THE PROBLEM – Your copy should hold exactly the lines from the beginning of the listing below through the line with "理想汽车涨超6%,小鹏汽车、", without any pictures.

DATASET EXTRACT –
┄┄┄┄┄┄┄┄┄┄┄┄┄┄┄┄┄┄┄┄

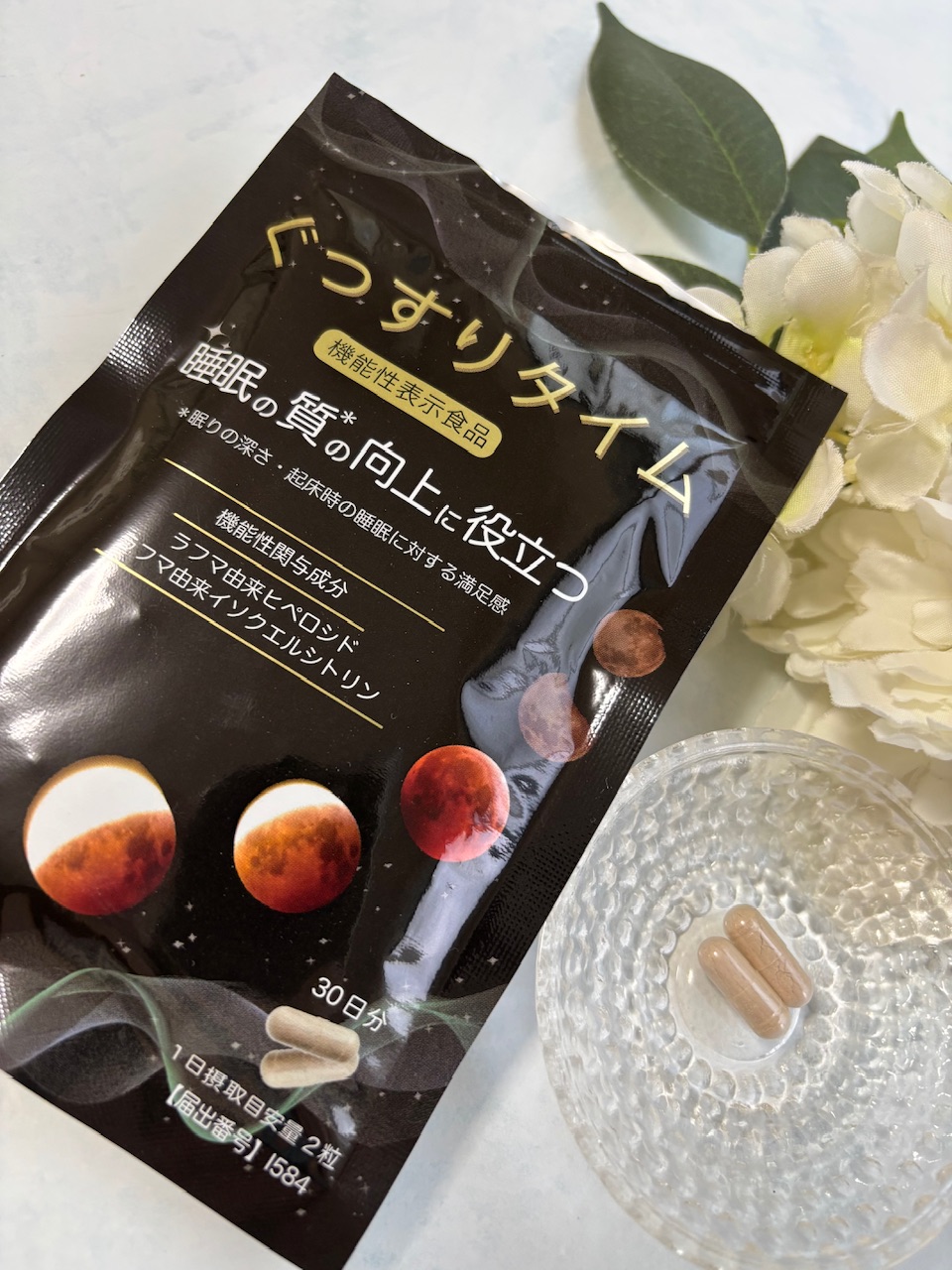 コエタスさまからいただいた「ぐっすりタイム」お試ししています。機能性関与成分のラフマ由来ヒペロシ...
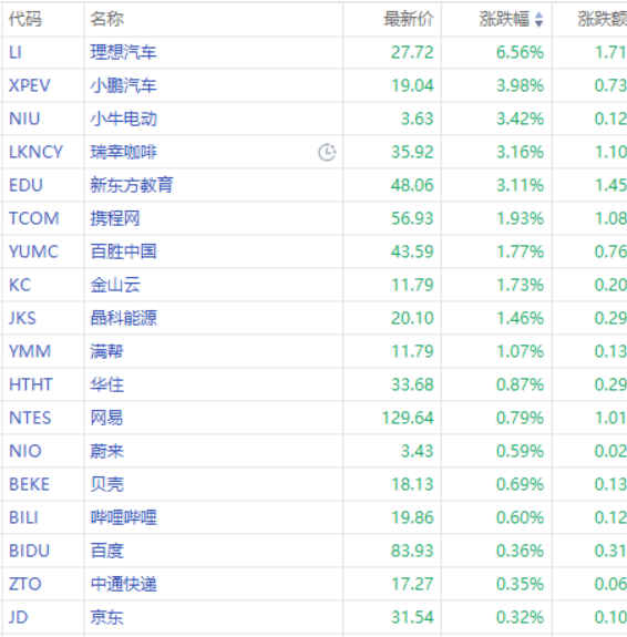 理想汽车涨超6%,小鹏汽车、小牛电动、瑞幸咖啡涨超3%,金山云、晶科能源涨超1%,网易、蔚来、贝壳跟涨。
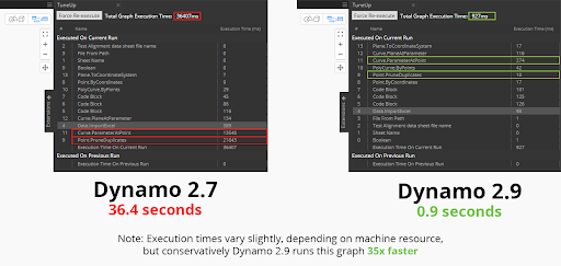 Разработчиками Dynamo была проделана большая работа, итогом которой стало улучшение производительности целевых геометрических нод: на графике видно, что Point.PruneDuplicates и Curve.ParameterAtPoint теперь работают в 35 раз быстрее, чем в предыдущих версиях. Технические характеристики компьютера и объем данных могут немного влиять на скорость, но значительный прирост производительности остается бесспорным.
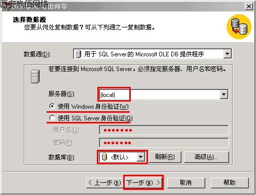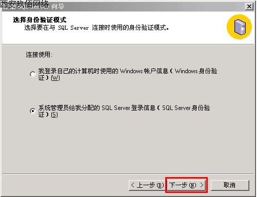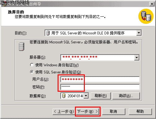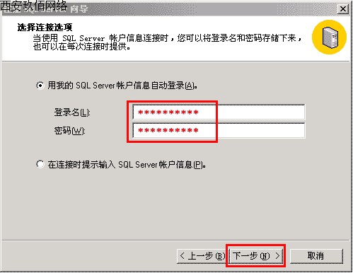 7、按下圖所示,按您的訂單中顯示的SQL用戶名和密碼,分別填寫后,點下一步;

┄┄┄┄┄┄┄┄┄┄┄┄┄┄┄┄┄┄┄┄

EXERCISE RESPONSE –
 コエタスさまからいただいた「ぐっすりタイム」お試ししています。機能性関与成分のラフマ由来ヒペロシ...
 理想汽车涨超6%,小鹏汽车、小牛电动、瑞幸咖啡涨超3%,金山云、晶科能源涨超1%,网易、蔚来、贝壳跟涨。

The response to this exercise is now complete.